Data provided »
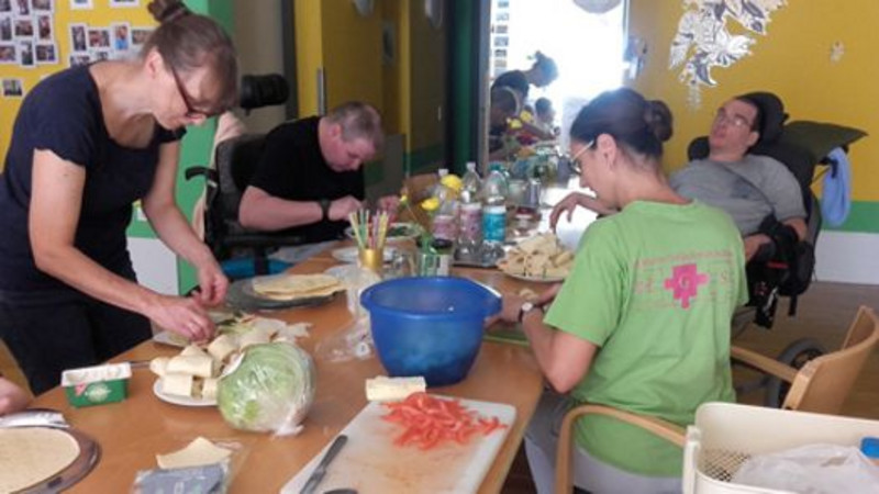 Am Freitag in der ersten Schulwoche war die Klasse des zweiten Ausbildungsjahres Heilerziehungspflege der Henriette-Goldschmidt-Schule zu Gast im „Prof. Peter Uibe-Haus“ der Humanitas. Eine Absolventin der Heilpädagogik im letzten Schuljahr fragte uns, ob wir die Vorbereitungen des Sommerfestes für die Bewohner*innen unterstützen würden. Sofort waren wir dabei und gespannt, was auf uns zukommen würde. Zuerst erhielten wir eine Führung durch das Haus, was eine Bewohnerin sehr interessant leitete. Anschließend wurden wir in Gruppen eingeteilt, um zum Teil gemeinsam mit den Bewohner*innen einige Köstlichkeiten für das am Abend geplante Sommerfest zuzubereiten. Neben einem regen Austausch mit den Bewohner*innen und Mitarbeitenden haben wir auch gute Tipps für Rezepte erhalten, die wir vielleicht einmal nachmachen. Im Anschluss fanden eine Reflexionsrunde und ein Austausch mit Herrn Endler, dem Leiter der Einrichtung, und allen Beteiligten statt. Wir haben unter anderem kritisch über den Fachkräftemangel in der Behindertenhilfe gesprochen und viel dazu gelernt, was beispielsweise rechtliche und finanzielle Grundlagen der Arbeit mit zum Teil schwerst-mehrfach behinderten Menschen betrifft. Gespannt blicken wir in die Zukunft und freuen uns auf weitere Kooperationen dieser Art. Herzlichen Dank an alle!
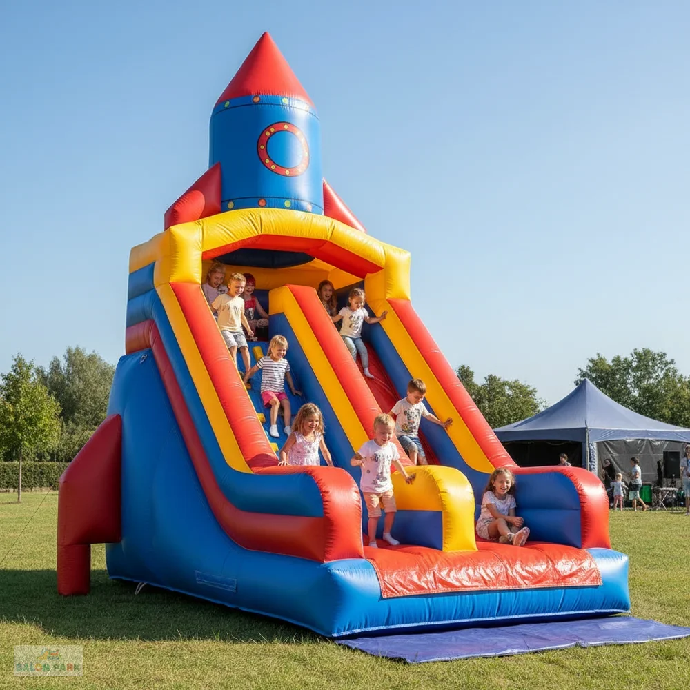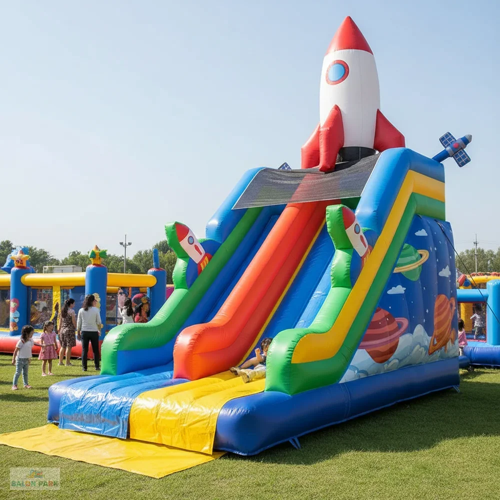 Roket temalı şişme kaydırak 7x5 metre ölçüsüyle hem görsel hem de eğlence açısından öne çıkar. Dayanıklı yapısı, güvenlik önlemleri ve dikkat çekici tasarımı sayesinde çocuk etkinlikleri ve organizasyonlar için ideal bir şişme oyun ürünüdür.
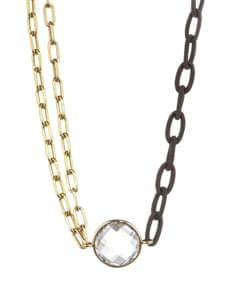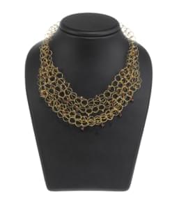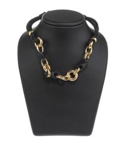3410. Collier design à maille ronde et ovale alterné de motifs en bois...
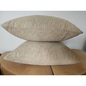Roth & Tompkins fabric is eco-friendly and free from azo dyes, heavy metals, formaldehyde, and petroleum derivatives. Beautiful woven pillow covers in shades of light brown and cream. This is a medium-weight fabric with a subtle textured touch. Each pillow cover is professionally hand-cut and sewn.
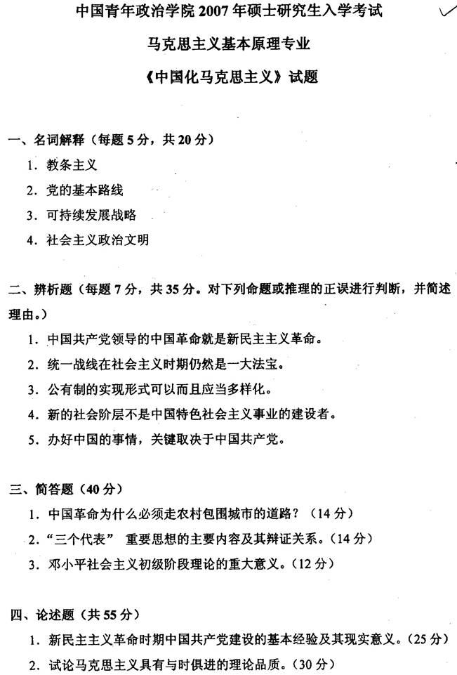 2007年中国青年政治学院《中国化马克思主义》考研真题
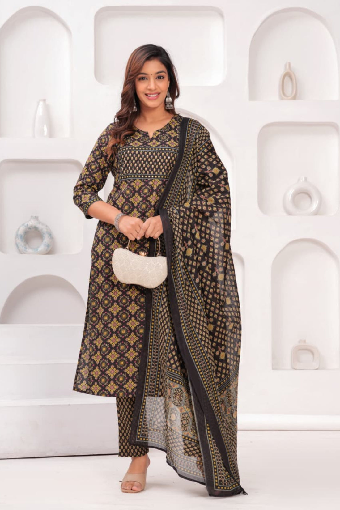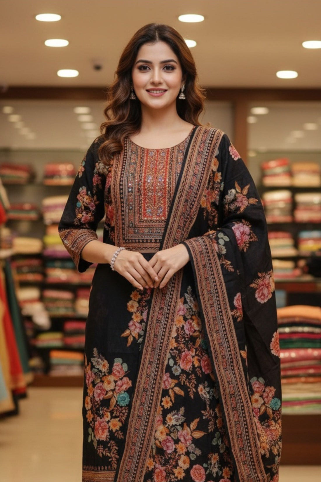Black Floral Printed Ethnic Suit Set with Dupatta
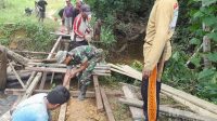 Babinsa Bersama Masyarakat Turun Langsung Perbaiki Jembatan Yang Rusak di Sungai Kasian
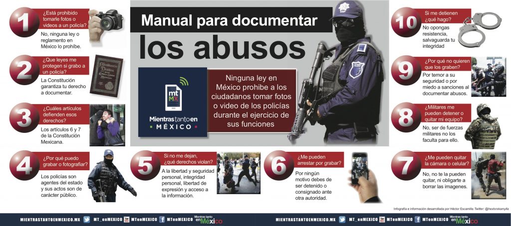 En el portal de la Comisión de Derechos Humanos del Estado de Aguascalientes (CDHEA) www.dhags.org se puede encontrar el manual para documentar abusos de una autoridad, autoría de la organización de la sociedad civil “Mientras tanto en México” que comprende diez respuestas dirigidas a la ciudadanía en caso de presenciar agresión física de una autoridad.
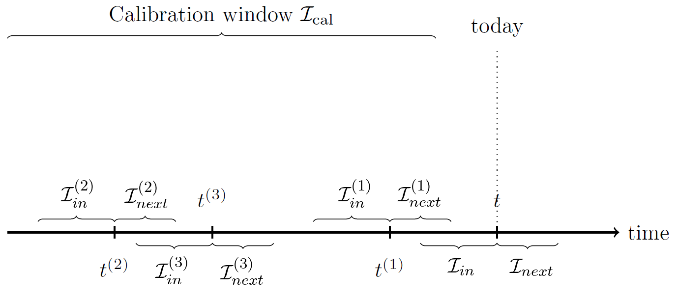 - $\mathcal{I}_{cal} = [t_{cal}, T - h_{next}]$ a long calibration window, with $t_{cal}$ chosen so that $t_{cal} \geq h_{in} - 1$ and $| \mathcal{I}_{cal} | \gg h_{in}$
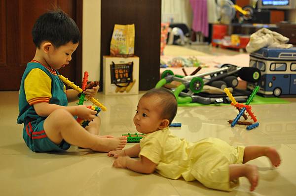 有時候睿霆會和沄蓁一起在地板爬行,也會開始拿玩具給MM玩,
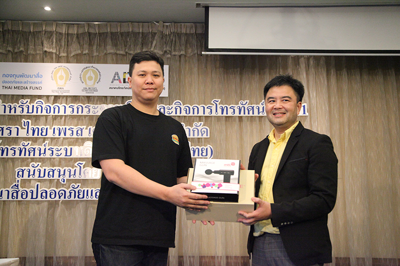 อาจารย์อาทินันทน์ แก้วประจันทร์ ตัวแทนผู้เข้าอบรมหลักสูตรพัฒนาผู้ผลิตรายการสำหรับกิจการกระจายเสียงและกิจการโทรทัศน์ (The Producer) รุ่นที่ 1 ให้การต้อนรับ ดร.ธราภุช จารุวัฒนะ ประธานเจ้าหน้าที่บริหาร บริษัท ไอพีจี มีเดียแบรนด์ (ประเทศไทย) ในโอกาสบรรยาย หัวข้อ พฤติกรรมผู้บริโภคสื่อที่เปลี่ยนแปลงไปและการวิเคราะห์ข้อมูลเรตติ้งเพื่อการผลิตรายการ จัดโดย บริษัท อิศรา ไทย เพรส เดเวลอปเมนท์ จำกัด (สถาบันอิศรา) ร่วมกับ สมาคมโทรทัศน์ระบบดิจิตอล (ประเทศไทย) และกองทุนพัฒนาสื่อปลอดภัยและสร้างสรรค์ โดยมีสมาชิกรุ่นร่วมต้อนรับ เมื่อวันเสาร์ที่ 16 ธันวาคม 2566 ณ ห้องพาโนรามา 1 ชั้น 14 โรงแรม ดิ เอมเมอรัลด์ ถนนรัชดาภิเษก
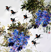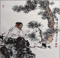 我之说上面一段话,是从读杜征麟的画作产生的感想引发出来的。我与杜征麟是北京外国语大学校友(我留苏前)。去年初,他邀请我到北京外国语大学去给大学生们讲西方印象派美术作品欣赏,我见到了他的绘画作品。他的画是有新意的,有个人面貌,不雷同他人,他在前人创造的基础上,力图走出一条适合于他个性表现的新路来,也就是说有自己的见识和艺术追求。他自幼喜爱中国书画艺术,曾得到多位在中国画创作上有修养的著名画家指导,80年代初即有作品发表于《北京日报》、《北京晚报》和《中国教育报》。他较全面地掌握了中国画的技巧。在对大自然的体验和感悟中,以及在勤奋的艺术实践中逐渐领悟和体味了中国画的奥秘。我觉得,他领悟和体味的要点是用笔墨写意、传情。中国画的笔墨趣味和情调固然很重要,但只有当这些笔墨的趣味和情调为创造画面的意境、传达思想和感情服务时,才能发挥出最大的审美效果。

Prompt » Restate the entries above word for word, minus the pictures.

Answer space »
 Am Freitag in der ersten Schulwoche war die Klasse des zweiten Ausbildungsjahres Heilerziehungspflege der Henriette-Goldschmidt-Schule zu Gast im „Prof. Peter Uibe-Haus“ der Humanitas. Eine Absolventin der Heilpädagogik im letzten Schuljahr fragte uns, ob wir die Vorbereitungen des Sommerfestes für die Bewohner*innen unterstützen würden. Sofort waren wir dabei und gespannt, was auf uns zukommen würde. Zuerst erhielten wir eine Führung durch das Haus, was eine Bewohnerin sehr interessant leitete. Anschließend wurden wir in Gruppen eingeteilt, um zum Teil gemeinsam mit den Bewohner*innen einige Köstlichkeiten für das am Abend geplante Sommerfest zuzubereiten. Neben einem regen Austausch mit den Bewohner*innen und Mitarbeitenden haben wir auch gute Tipps für Rezepte erhalten, die wir vielleicht einmal nachmachen. Im Anschluss fanden eine Reflexionsrunde und ein Austausch mit Herrn Endler, dem Leiter der Einrichtung, und allen Beteiligten statt. Wir haben unter anderem kritisch über den Fachkräftemangel in der Behindertenhilfe gesprochen und viel dazu gelernt, was beispielsweise rechtliche und finanzielle Grundlagen der Arbeit mit zum Teil schwerst-mehrfach behinderten Menschen betrifft. Gespannt blicken wir in die Zukunft und freuen uns auf weitere Kooperationen dieser Art. Herzlichen Dank an alle!
 Roket temalı şişme kaydırak 7x5 metre ölçüsüyle hem görsel hem de eğlence açısından öne çıkar. Dayanıklı yapısı, güvenlik önlemleri ve dikkat çekici tasarımı sayesinde çocuk etkinlikleri ve organizasyonlar için ideal bir şişme oyun ürünüdür.
3410. Collier design à maille ronde et ovale alterné de motifs en bois...
Roth & Tompkins fabric is eco-friendly and free from azo dyes, heavy metals, formaldehyde, and petroleum derivatives. Beautiful woven pillow covers in shades of light brown and cream. This is a medium-weight fabric with a subtle textured touch. Each pillow cover is professionally hand-cut and sewn.
 2007年中国青年政治学院《中国化马克思主义》考研真题
Black Floral Printed Ethnic Suit Set with Dupatta
 Babinsa Bersama Masyarakat Turun Langsung Perbaiki Jembatan Yang Rusak di Sungai Kasian
 En el portal de la Comisión de Derechos Humanos del Estado de Aguascalientes (CDHEA) www.dhags.org se puede encontrar el manual para documentar abusos de una autoridad, autoría de la organización de la sociedad civil “Mientras tanto en México” que comprende diez respuestas dirigidas a la ciudadanía en caso de presenciar agresión física de una autoridad.
 - $\mathcal{I}_{cal} = [t_{cal}, T - h_{next}]$ a long calibration window, with $t_{cal}$ chosen so that $t_{cal} \geq h_{in} - 1$ and $| \mathcal{I}_{cal} | \gg h_{in}$
 有時候睿霆會和沄蓁一起在地板爬行,也會開始拿玩具給MM玩,
 อาจารย์อาทินันทน์ แก้วประจันทร์ ตัวแทนผู้เข้าอบรมหลักสูตรพัฒนาผู้ผลิตรายการสำหรับกิจการกระจายเสียงและกิจการโทรทัศน์ (The Producer) รุ่นที่ 1 ให้การต้อนรับ ดร.ธราภุช จารุวัฒนะ ประธานเจ้าหน้าที่บริหาร บริษัท ไอพีจี มีเดียแบรนด์ (ประเทศไทย) ในโอกาสบรรยาย หัวข้อ พฤติกรรมผู้บริโภคสื่อที่เปลี่ยนแปลงไปและการวิเคราะห์ข้อมูลเรตติ้งเพื่อการผลิตรายการ จัดโดย บริษัท อิศรา ไทย เพรส เดเวลอปเมนท์ จำกัด (สถาบันอิศรา) ร่วมกับ สมาคมโทรทัศน์ระบบดิจิตอล (ประเทศไทย) และกองทุนพัฒนาสื่อปลอดภัยและสร้างสรรค์ โดยมีสมาชิกรุ่นร่วมต้อนรับ เมื่อวันเสาร์ที่ 16 ธันวาคม 2566 ณ ห้องพาโนรามา 1 ชั้น 14 โรงแรม ดิ เอมเมอรัลด์ ถนนรัชดาภิเษก
 我之说上面一段话,是从读杜征麟的画作产生的感想引发出来的。我与杜征麟是北京外国语大学校友(我留苏前)。去年初,他邀请我到北京外国语大学去给大学生们讲西方印象派美术作品欣赏,我见到了他的绘画作品。他的画是有新意的,有个人面貌,不雷同他人,他在前人创造的基础上,力图走出一条适合于他个性表现的新路来,也就是说有自己的见识和艺术追求。他自幼喜爱中国书画艺术,曾得到多位在中国画创作上有修养的著名画家指导,80年代初即有作品发表于《北京日报》、《北京晚报》和《中国教育报》。他较全面地掌握了中国画的技巧。在对大自然的体验和感悟中,以及在勤奋的艺术实践中逐渐领悟和体味了中国画的奥秘。我觉得,他领悟和体味的要点是用笔墨写意、传情。中国画的笔墨趣味和情调固然很重要,但只有当这些笔墨的趣味和情调为创造画面的意境、传达思想和感情服务时,才能发挥出最大的审美效果。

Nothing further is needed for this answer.